| Assignment |
In the material below, find the line containing "Libretto operistico della" and the line containing "Εννιά στους δέκα". Output those two lines and all lines between them exactly, without pictures.

| Record set |
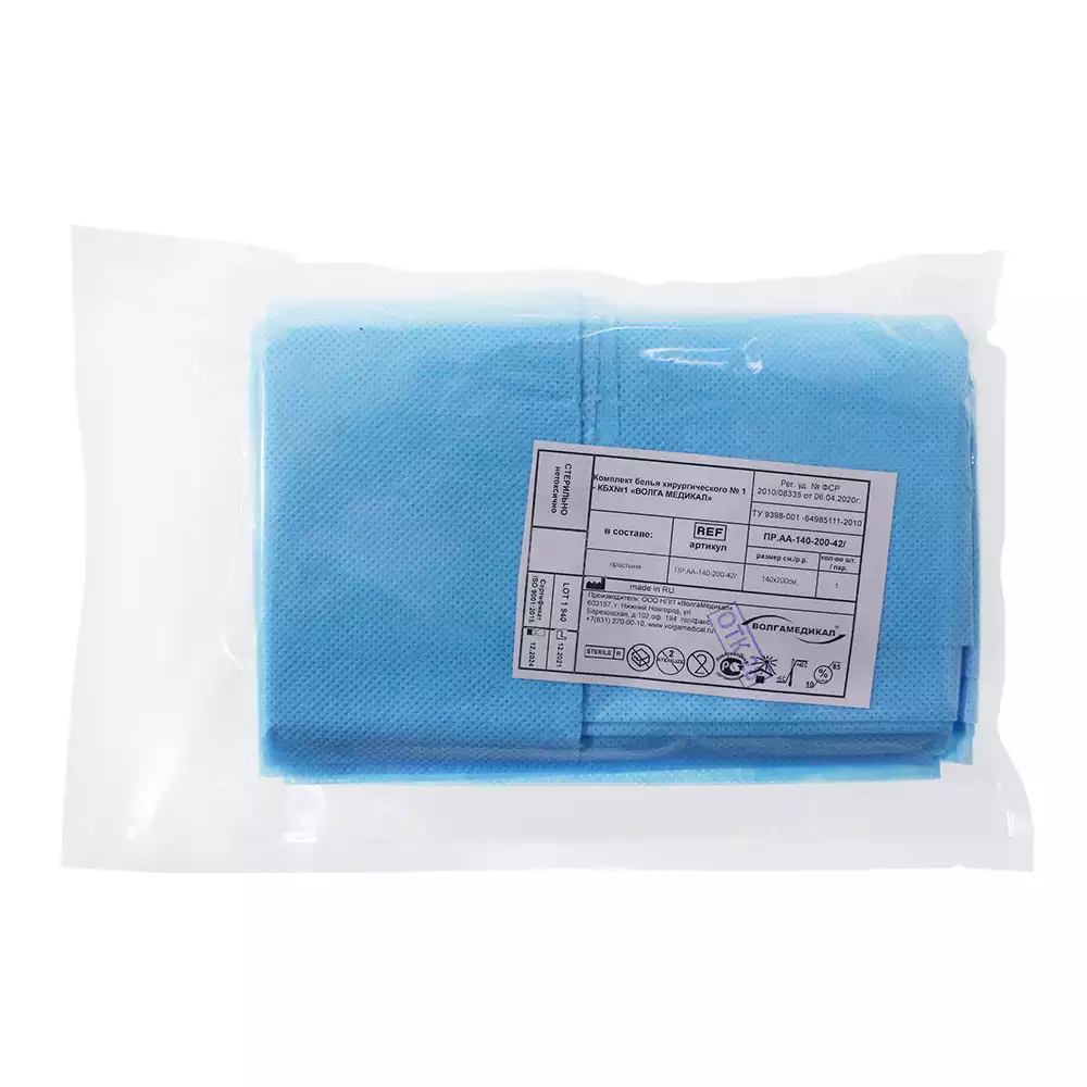 Простыня 140*200см, материал СМС 42г/м2, стерильная, голубая, Волга Медикал НПП (РОССИЯ)
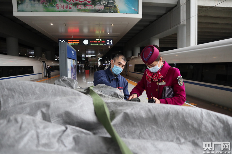 央廣網(wǎng)重慶2月8日消息(記者趙聰聰 通訊員鐘潔)2月7日10:21分,從重慶西站開往昆明南站的G2875次裝載68件高鐵快件正點(diǎn)開出。開車前,值乘該趟列車的重慶客運(yùn)段列車長楊泰佳與中鐵快運(yùn)、重慶西站工作人員認(rèn)真核對(duì)信息,辦理交接,做好高鐵快運(yùn)運(yùn)輸組織工作。據(jù)悉,近期受到疫情影響,高鐵快件在節(jié)后出現(xiàn)明顯增長,僅G2875次列車較上周增長3倍左右。
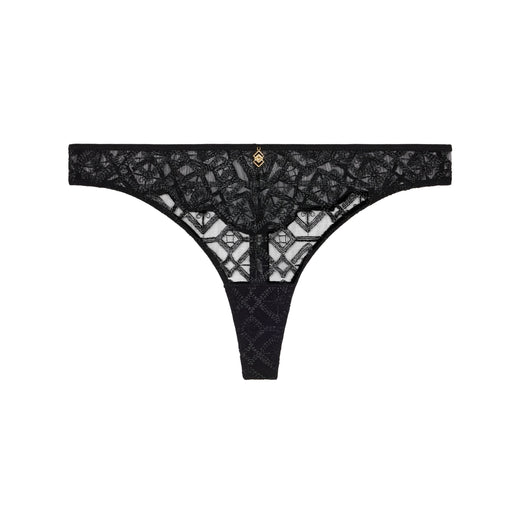 Sheer tulle panels introduce a refined touch of transparency, enhancing the intricate embroidery and creating an elegant play of contrasts. The flattering thong cut offers a smooth, minimal finish that sits invisibly under clothing while highlighting the natural curves. Delicate gold jewellery accents provide a luminous, elevated detail.
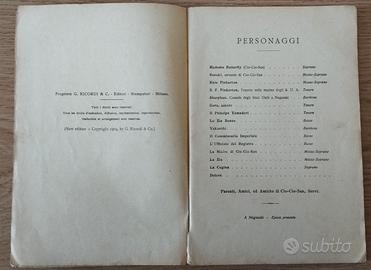 Libretto operistico della Madama Butterfly di G.Puccini datato 1904. Edizioni Ricordi. Tenuto molto bene visti i 120 anni di età. Per chi lo desidera posso spedire con costo a carico dell'acquirente.
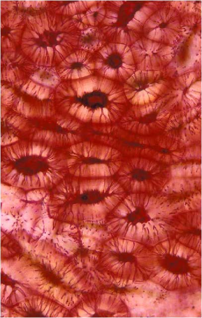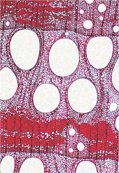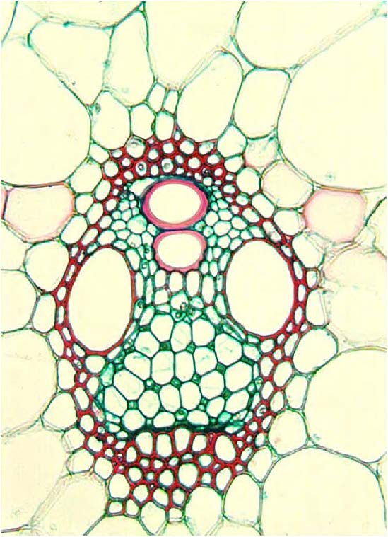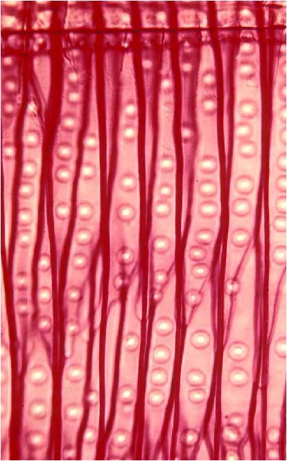 | shows tracheid vascular tissue; it is long, thin, and dead; tissue deals with water and sugar transport |
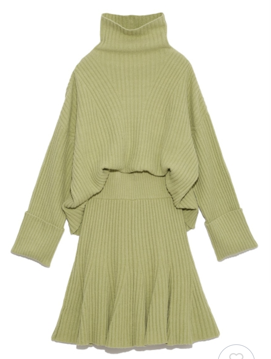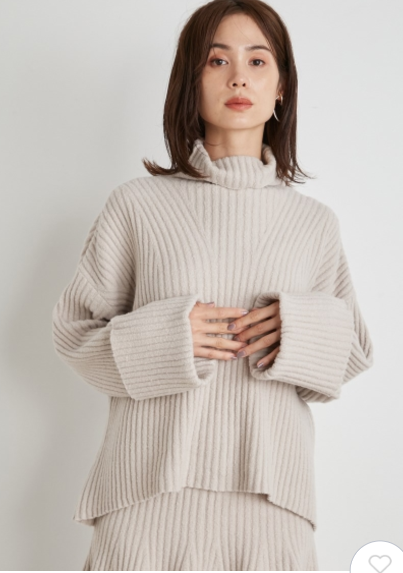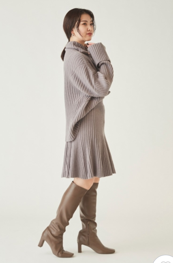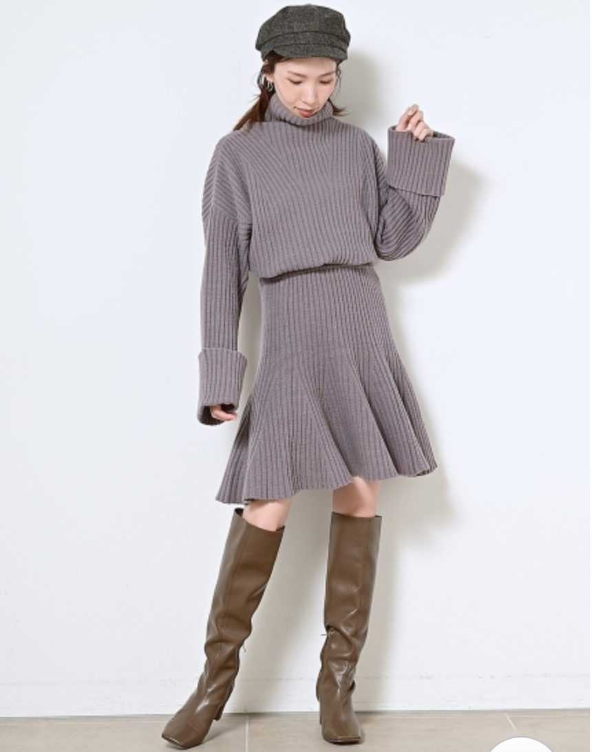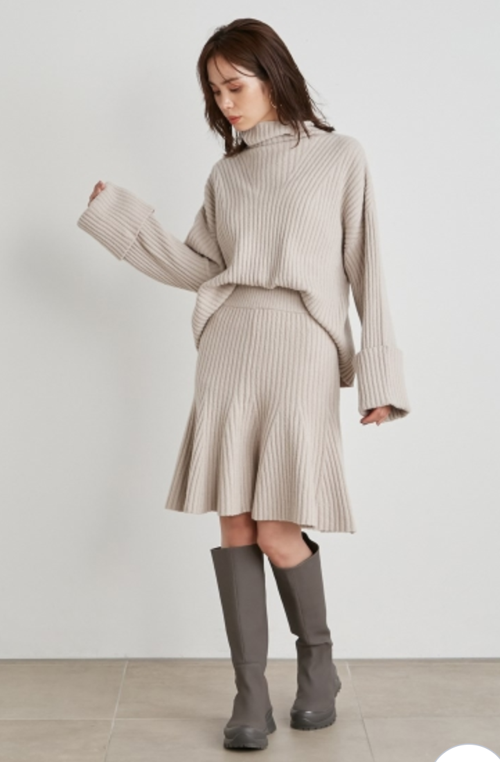 立体感のある太めのリブ編みが印象的なニットセットアップ。トップスは大きなタートルネックと折り返しのワイドスリーブで、ゆるっとラフな雰囲気に仕上げました。ロングブーツと相性の良い膝丈デザインのスカートは、裾にかけて広がるフレアシルエットでフェミニンな印象に。トップスはアウトでも前だけインでも、ミニマルに愛らしく着用いただけます。
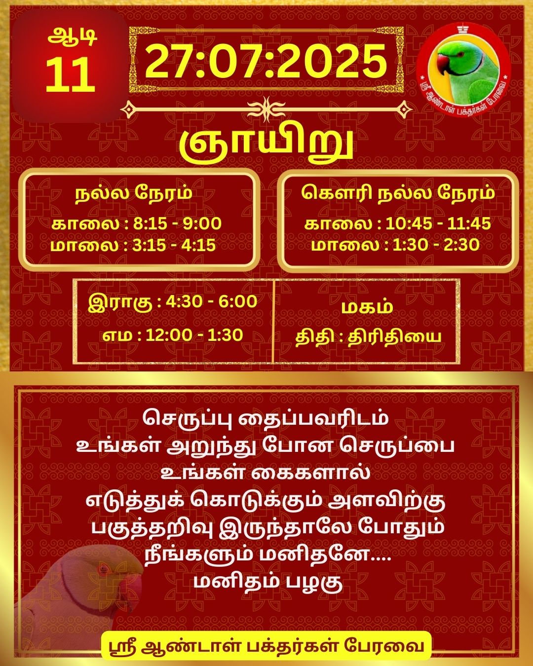 July 27 2025 0CommentSABP Posted by Vastu_Shastram In motivation SABPShare this: Tags: #daily_calender, APC, Calendar, calendar 2025, DAILY, DrAndalPChockalingam, Motivation, motivational quotes, motivational quotes daily, motivationalquotesoftheday, panjangam, SABP, SriAndalBakthargalPeravai, waytosuccess2025, ஆண்டாள், இன்றையநாள், காலண்டர், காலண்டர்2025, தன்னம்பிக்கை, தன்னம்பிக்கை2025, நாட்காட்டி, பஞ்சாங்கம், வாழ்கவளமுடன், ஸ்ரீஆண்டாள்பக்தர்கள்பேரவை Share:
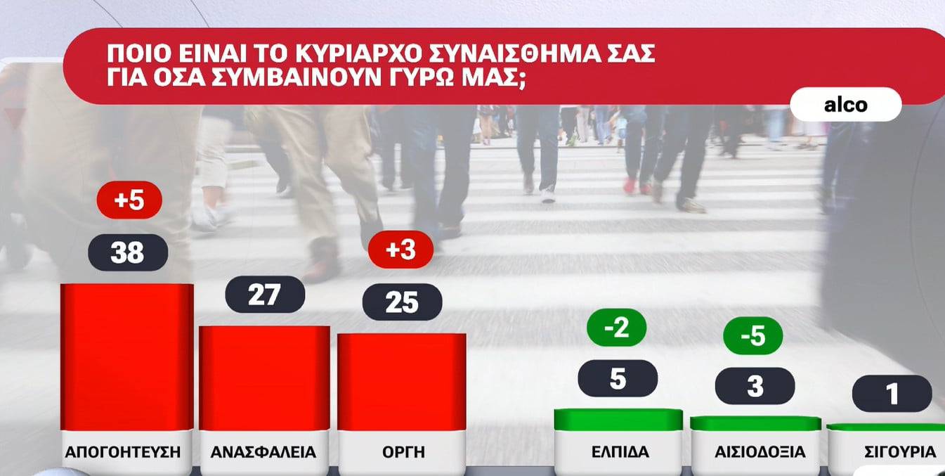 Εννιά στους δέκα εκφράζουν αρνητικά συναισθήματα για όσα συμβαίνουν γύρω μας. Το 38% εκφράζει απογοήτευση, ποσοστό πέντε μονάδες υψηλότερο από τον Ιούνιο, το 27% ανασφάλεια και το 25% οργή, αύξηση 3%.
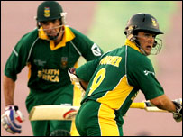 इसके बाद मोहम्मद यूसुफ़ महज दो रन बनाकर चलता बने. युवराज सिंह भी बढ़िया शुरुआत करने के बाद पारी को आगे नहीं बढ़ा पाए और 31 रनों के निजी स्कोर चिगुंबुरा के शिकार बने. उस समय टीम का स्कोर था 72 रन और पाँच विकेट गिर चुके थे. लेकिन इसके बाद जयवर्धने और धोनी ने ताबड़तोड़ बल्लेबाज़ी की और 218 रनों की विशाल साझेदारी निभाई. जयवर्धने 107 रन बनाकर मोर्केल के शिकार हुए जबकि धोनी 139 रनों पर नाबाद रहे. अफ़्रीका एकादश की ओर से ओनगोंडो और मोर्केल ने तीन-तीन विकेट लिए। अफ़्रीका एकादश अफ़्रीका की शुरुआत अच्छी रही. एबी डीविलियर्स और वी सिबांडा ने पहले विकेट के लिए 117 रन जोड़े. डीविलियर्स 70 रन बनाकर मोहम्मद रफ़ीक़ के शिकार बने. इसके बाद रफ़ीक़ ने सिबांडा (45 रन) को भी चलता कर दिया. इनके बाद बोएटा दिपेनार बिना खाता खोले पैवेलियन लौट गए तो स्टीव टिकोलो 11 रन पर हरभजन की गेंद पर आउट हो गए.ट जस्टिन केंप ने पारी को संभालने की कोशिश की लेकिन बाउचर उनका साथ देर तक नहीं निभा सके और सात रन पर धोनी के हाथों लपके गए. पोलक और केंप ने पारी संभालने की कोशिश की लेकिन तब तक जीतने के लिए ज़रूरी रन रेट काफ़ी ऊपर निकल चुका था. केंप 86 रनों पर हरभजन के शिकार बने जबकि पोलक 58 रनों पर नाबाद रहे. एशिया एकादश की ओर से रफ़ीक़ ने चार और हरभजन ने तीन विकेट लिए. | इससे जुड़ी ख़बरें ग्राहम फ़ोर्ड भारतीय टीम के नए कोच09 जून, 2007 | खेल की दुनिया मनिंदर सिंह घायल, अस्पताल में भर्ती08 जून, 2007 | खेल की दुनिया ग्राहम फ़ोर्ड को कोच के लिए बुलावा05 जून, 2007 | खेल की दुनिया जमैका पुलिस ने टिप्पणी से इंकार किया02 जून, 2007 | खेल की दुनिया एफ़्रो-एशिया कप का संकट टला31 मई, 2007 | खेल की दुनिया ज़ी टीवी के पीछे हटने से सिरीज़ संकट में30 मई, 2007 | खेल की दुनिया तेंदुलकर एफ़्रो-एशिया कप से हटे28 मई, 2007 | खेल की दुनिया | |||||||||||||||||||||||||||||||||||||||||||||||||||||||||||||||||||||||||||||||||||||||||||||
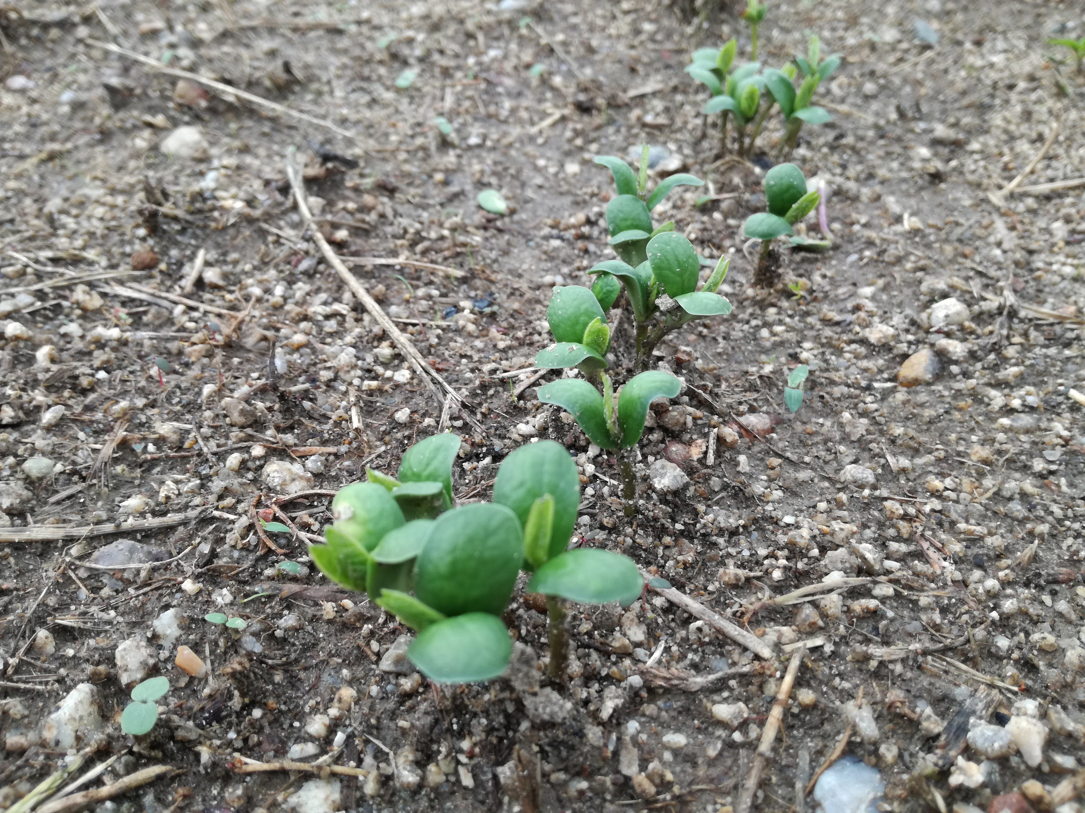 今日観察してたら、出芽した子葉を食べようとして、美味しくなくてやめたんだなっていう形跡がいくつか。子葉が取れちゃってるんだけど、食べてなくて落ちてるから、出芽して地上に出て緑がかってきた子葉は、鳩たちにとっては美味しく無いんだろうな。
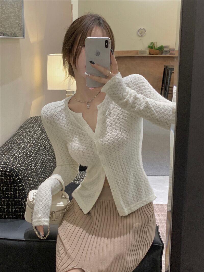フレンチスイートガール純粋セクシーシングルブレストニットカーディガン秋スリムフィット長袖セータートップ服 ロング 大人ガーリー スウィート キュート カジュアル オータム 秋物 ピュア
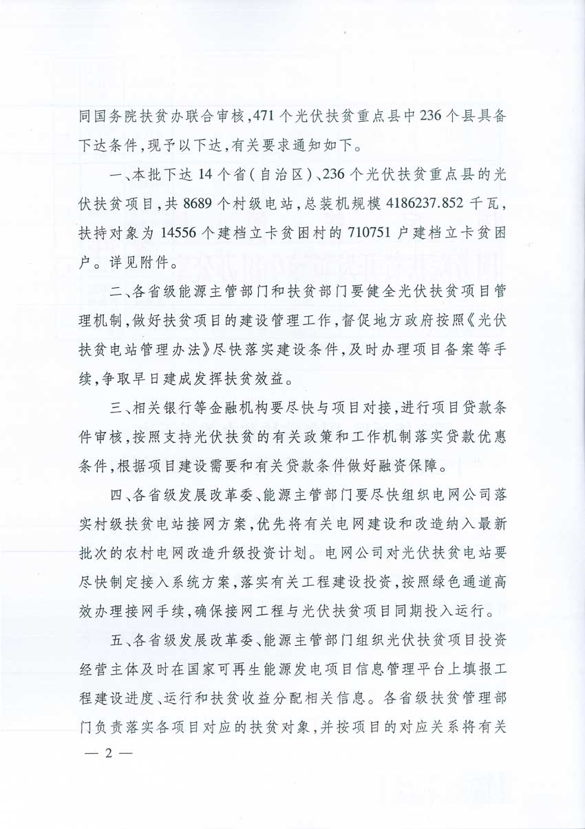 国家能源局 国务院扶贫办关于下达“十三五”第一批光伏扶贫项目计划的通知

| Exercise result |
 Libretto operistico della Madama Butterfly di G.Puccini datato 1904. Edizioni Ricordi. Tenuto molto bene visti i 120 anni di età. Per chi lo desidera posso spedire con costo a carico dell'acquirente.
 | shows tracheid vascular tissue; it is long, thin, and dead; tissue deals with water and sugar transport |
 立体感のある太めのリブ編みが印象的なニットセットアップ。トップスは大きなタートルネックと折り返しのワイドスリーブで、ゆるっとラフな雰囲気に仕上げました。ロングブーツと相性の良い膝丈デザインのスカートは、裾にかけて広がるフレアシルエットでフェミニンな印象に。トップスはアウトでも前だけインでも、ミニマルに愛らしく着用いただけます。
 July 27 2025 0CommentSABP Posted by Vastu_Shastram In motivation SABPShare this: Tags: #daily_calender, APC, Calendar, calendar 2025, DAILY, DrAndalPChockalingam, Motivation, motivational quotes, motivational quotes daily, motivationalquotesoftheday, panjangam, SABP, SriAndalBakthargalPeravai, waytosuccess2025, ஆண்டாள், இன்றையநாள், காலண்டர், காலண்டர்2025, தன்னம்பிக்கை, தன்னம்பிக்கை2025, நாட்காட்டி, பஞ்சாங்கம், வாழ்கவளமுடன், ஸ்ரீஆண்டாள்பக்தர்கள்பேரவை Share:
 Εννιά στους δέκα εκφράζουν αρνητικά συναισθήματα για όσα συμβαίνουν γύρω μας. Το 38% εκφράζει απογοήτευση, ποσοστό πέντε μονάδες υψηλότερο από τον Ιούνιο, το 27% ανασφάλεια και το 25% οργή, αύξηση 3%.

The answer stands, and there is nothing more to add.